▶ **REQUIREMENT**: Start at the line below containing "Chanfron or horse" and stop at the line containing "А как ты думаешь, о". Repeat every line of that stretch exactly, and nothing outside it.

▶ **LISTED ENTRIES**:
[Start of section]

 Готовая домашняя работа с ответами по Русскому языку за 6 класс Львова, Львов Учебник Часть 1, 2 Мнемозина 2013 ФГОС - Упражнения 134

[End of section]
[Start of section]

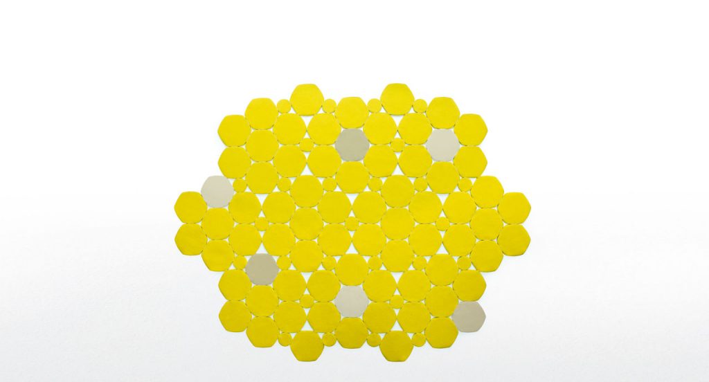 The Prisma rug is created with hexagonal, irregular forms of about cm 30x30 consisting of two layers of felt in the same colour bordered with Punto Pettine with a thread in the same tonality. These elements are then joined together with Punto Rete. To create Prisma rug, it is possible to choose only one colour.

[End of section]
[Start of section]

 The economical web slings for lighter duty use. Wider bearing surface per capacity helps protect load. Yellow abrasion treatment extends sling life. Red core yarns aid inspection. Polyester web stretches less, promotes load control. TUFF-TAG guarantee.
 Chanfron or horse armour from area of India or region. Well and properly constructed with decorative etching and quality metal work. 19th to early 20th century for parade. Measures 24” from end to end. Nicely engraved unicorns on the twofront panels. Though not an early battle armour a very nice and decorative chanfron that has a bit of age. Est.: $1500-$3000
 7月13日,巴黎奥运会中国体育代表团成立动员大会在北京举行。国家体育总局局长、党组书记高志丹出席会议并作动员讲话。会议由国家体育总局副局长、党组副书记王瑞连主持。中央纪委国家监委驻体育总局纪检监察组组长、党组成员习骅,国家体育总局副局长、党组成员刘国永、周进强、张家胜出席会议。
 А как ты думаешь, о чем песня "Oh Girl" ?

[End of section]

▶ **REPLY TO THE EXERCISE**:
 Chanfron or horse armour from area of India or region. Well and properly constructed with decorative etching and quality metal work. 19th to early 20th century for parade. Measures 24” from end to end. Nicely engraved unicorns on the twofront panels. Though not an early battle armour a very nice and decorative chanfron that has a bit of age. Est.: $1500-$3000
 7月13日,巴黎奥运会中国体育代表团成立动员大会在北京举行。国家体育总局局长、党组书记高志丹出席会议并作动员讲话。会议由国家体育总局副局长、党组副书记王瑞连主持。中央纪委国家监委驻体育总局纪检监察组组长、党组成员习骅,国家体育总局副局长、党组成员刘国永、周进强、张家胜出席会议。
 А как ты думаешь, о чем песня "Oh Girl" ?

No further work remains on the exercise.